Брезгливо удивлялся полковник и грязи в блиндажах, и равнодушию к платью и белью, и отсутствию дисциплины моряков, разговаривающих со своими начальниками точно с товарищами. Даже к Нахимову, как передавали моряки, в это утро один матрос обратился с фамильярным вопросом:

— Все ли здорово, Павел Степаныч?

И Нахимов добродушно ответил:

— Здорово, Грядко, как видишь!

Удивлялся полковник, что матросы не вставали и не снимали шапок перед начальством. Таково было приказание Нахимова.

И полковник, расхаживая под руку с капитаном генерального штаба по аллее и горделиво осаниваясь под любопытными взглядами дам, продолжал передавать приятелю свои севастопольские впечатления:

— Я рассчитывал послужить отечеству — делать здесь дело. Думал, что главнокомандующий воспользуется мною… оставит при себе, а он… гонит в Петербург… Завтра же я должен ехать с какими-то особенно важными письмами… Накормил меня отвратительным обедом, угостил рюмкой кислятины и после обеда пять минут поговорил со мной о том, что он похварывает и что у него нет способных людей… Вот и все напутствие. Передайте, говорит, в Петербурге, все, что видели. Отдохните и утром… с богом… Хорош тоже и ваш прославленный Нахимов… Я думал, что он в самом деле замечательный человек, и счел долгом представиться ему в полной парадной форме… как следовало… А он, как бы ты думал, встретил меня?..

— Разве не любезно?..

— Очень даже просто и оригинально… Пожал руку, просил садиться и удивлялся, что я в таком параде. «Мы не в Петербурге-с. Надолго ли в Севастополь?..» Я доложил, что главнокомандующий посылает меня завтра же обратно с важными бумагами и что счел долгом представиться такому знаменитому адмиралу. Он только крякнул, сконфузился и молчал… И наконец сказал: «Хороший сегодня день, а как погода в Петербурге?» — «Скверная, ваше превосходительство». А он: «Извините, молодой человек, меня зовут Павлом Степанычем!» Опять молчит. Я спросил, что думают в Севастополе о своем положении? Полагал, что объяснит мне. Есть же у него соображения?.. И вместо того обрезал: «У нас не думают-с, а отстаивают Севастополь-с!

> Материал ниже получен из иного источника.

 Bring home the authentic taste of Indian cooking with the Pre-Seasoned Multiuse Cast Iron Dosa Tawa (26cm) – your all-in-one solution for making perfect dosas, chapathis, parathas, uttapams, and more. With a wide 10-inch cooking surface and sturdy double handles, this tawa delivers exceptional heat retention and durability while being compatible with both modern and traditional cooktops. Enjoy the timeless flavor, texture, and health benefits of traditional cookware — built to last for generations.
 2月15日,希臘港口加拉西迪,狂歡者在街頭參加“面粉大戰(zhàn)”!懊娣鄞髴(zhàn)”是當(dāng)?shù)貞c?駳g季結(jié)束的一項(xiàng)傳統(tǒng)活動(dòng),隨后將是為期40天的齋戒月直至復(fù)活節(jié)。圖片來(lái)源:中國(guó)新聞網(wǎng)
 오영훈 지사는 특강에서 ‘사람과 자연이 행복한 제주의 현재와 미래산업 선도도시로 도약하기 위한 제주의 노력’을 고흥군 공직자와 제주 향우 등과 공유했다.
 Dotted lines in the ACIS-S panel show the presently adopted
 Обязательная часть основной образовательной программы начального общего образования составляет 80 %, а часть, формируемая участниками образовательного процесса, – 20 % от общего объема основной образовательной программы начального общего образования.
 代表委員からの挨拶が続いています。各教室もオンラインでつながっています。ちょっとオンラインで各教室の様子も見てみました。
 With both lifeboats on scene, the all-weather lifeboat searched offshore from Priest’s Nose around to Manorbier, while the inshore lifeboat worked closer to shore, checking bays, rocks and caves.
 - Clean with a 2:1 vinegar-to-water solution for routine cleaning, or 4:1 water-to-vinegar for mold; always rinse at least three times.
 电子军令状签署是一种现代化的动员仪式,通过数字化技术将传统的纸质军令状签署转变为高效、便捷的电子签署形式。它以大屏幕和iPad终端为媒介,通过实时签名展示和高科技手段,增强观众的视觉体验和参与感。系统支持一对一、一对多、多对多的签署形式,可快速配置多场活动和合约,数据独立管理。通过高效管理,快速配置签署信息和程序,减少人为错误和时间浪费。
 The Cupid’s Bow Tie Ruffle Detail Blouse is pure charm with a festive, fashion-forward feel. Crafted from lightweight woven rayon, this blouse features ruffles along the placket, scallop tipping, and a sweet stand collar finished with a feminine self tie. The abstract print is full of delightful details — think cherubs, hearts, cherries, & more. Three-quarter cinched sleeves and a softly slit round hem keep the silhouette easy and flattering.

Сегодня у англичан два орудия подбили-с с третьего бастиона, а с четвертого-с взорвали пороховой погреб-с!» Через минуту вошел в кабинет адъютант Нахимова. «Идите, говорит, Павел Степаныч, обедать, а потом отдохните и, верно, опять поедете на бастионы». — «А как же-с!» И, вставая, адмирал приветливо сказал мне: «Пообедайте с нами. Мундир свой лучше расстегните»… Был второй час, я только позавтракал, поблагодарил, прибавил, что очень счастлив познакомиться с таким героем, и стал откланиваться. Он даже вспыхнул и, пожимая руку, сказал: «Все здесь исполняют свое дело-с… Какое тут геройство-с… И какое тут счастье видеть меня-с… Вот убитый Владимир Алексеич Корнилов был герой-с… Он организовал защиту-с… Благодаря ему мы вот-с еще защищаем Севастополь… Счастливого пути-с! Мирошка! Подай барину шинель!» — крикнул адмирал…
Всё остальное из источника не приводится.